**WHAT YOU SHOULD DO**
Below are records. Return each one exactly as written.

**MATERIAL SUPPLIED**
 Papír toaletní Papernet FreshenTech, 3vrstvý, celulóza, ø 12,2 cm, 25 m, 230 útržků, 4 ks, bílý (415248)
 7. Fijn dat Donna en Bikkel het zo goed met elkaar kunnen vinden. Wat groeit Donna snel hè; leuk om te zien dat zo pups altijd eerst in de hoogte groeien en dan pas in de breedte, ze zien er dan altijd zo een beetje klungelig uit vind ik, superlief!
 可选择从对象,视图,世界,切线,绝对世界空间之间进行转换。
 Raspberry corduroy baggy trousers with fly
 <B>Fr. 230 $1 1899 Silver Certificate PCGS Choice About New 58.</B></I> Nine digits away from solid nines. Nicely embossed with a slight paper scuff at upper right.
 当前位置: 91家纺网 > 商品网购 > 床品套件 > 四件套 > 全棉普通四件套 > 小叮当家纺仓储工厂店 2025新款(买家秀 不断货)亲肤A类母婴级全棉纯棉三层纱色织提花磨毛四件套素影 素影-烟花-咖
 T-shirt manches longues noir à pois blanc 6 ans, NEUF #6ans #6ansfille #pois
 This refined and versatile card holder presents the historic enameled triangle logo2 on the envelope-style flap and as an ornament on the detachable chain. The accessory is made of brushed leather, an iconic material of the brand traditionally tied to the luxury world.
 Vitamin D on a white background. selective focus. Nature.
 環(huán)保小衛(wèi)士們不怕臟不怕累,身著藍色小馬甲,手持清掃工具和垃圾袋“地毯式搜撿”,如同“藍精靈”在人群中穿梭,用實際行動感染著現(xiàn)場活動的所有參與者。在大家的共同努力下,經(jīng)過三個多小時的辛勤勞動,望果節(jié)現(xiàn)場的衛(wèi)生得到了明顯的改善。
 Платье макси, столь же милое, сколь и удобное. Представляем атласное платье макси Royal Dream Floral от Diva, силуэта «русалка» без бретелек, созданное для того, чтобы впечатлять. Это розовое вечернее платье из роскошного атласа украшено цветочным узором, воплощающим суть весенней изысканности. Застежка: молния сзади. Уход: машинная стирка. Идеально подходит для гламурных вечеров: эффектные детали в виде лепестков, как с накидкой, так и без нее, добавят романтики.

**ANSWER BELOW**
 Papír toaletní Papernet FreshenTech, 3vrstvý, celulóza, ø 12,2 cm, 25 m, 230 útržků, 4 ks, bílý (415248)
 7. Fijn dat Donna en Bikkel het zo goed met elkaar kunnen vinden. Wat groeit Donna snel hè; leuk om te zien dat zo pups altijd eerst in de hoogte groeien en dan pas in de breedte, ze zien er dan altijd zo een beetje klungelig uit vind ik, superlief!
 可选择从对象,视图,世界,切线,绝对世界空间之间进行转换。
 Raspberry corduroy baggy trousers with fly
 <B>Fr. 230 $1 1899 Silver Certificate PCGS Choice About New 58.</B></I> Nine digits away from solid nines. Nicely embossed with a slight paper scuff at upper right.
 当前位置: 91家纺网 > 商品网购 > 床品套件 > 四件套 > 全棉普通四件套 > 小叮当家纺仓储工厂店 2025新款(买家秀 不断货)亲肤A类母婴级全棉纯棉三层纱色织提花磨毛四件套素影 素影-烟花-咖
 T-shirt manches longues noir à pois blanc 6 ans, NEUF #6ans #6ansfille #pois
 This refined and versatile card holder presents the historic enameled triangle logo2 on the envelope-style flap and as an ornament on the detachable chain. The accessory is made of brushed leather, an iconic material of the brand traditionally tied to the luxury world.
 Vitamin D on a white background. selective focus. Nature.
 環(huán)保小衛(wèi)士們不怕臟不怕累,身著藍色小馬甲,手持清掃工具和垃圾袋“地毯式搜撿”,如同“藍精靈”在人群中穿梭,用實際行動感染著現(xiàn)場活動的所有參與者。在大家的共同努力下,經(jīng)過三個多小時的辛勤勞動,望果節(jié)現(xiàn)場的衛(wèi)生得到了明顯的改善。
 Платье макси, столь же милое, сколь и удобное. Представляем атласное платье макси Royal Dream Floral от Diva, силуэта «русалка» без бретелек, созданное для того, чтобы впечатлять. Это розовое вечернее платье из роскошного атласа украшено цветочным узором, воплощающим суть весенней изысканности. Застежка: молния сзади. Уход: машинная стирка. Идеально подходит для гламурных вечеров: эффектные детали в виде лепестков, как с накидкой, так и без нее, добавят романтики.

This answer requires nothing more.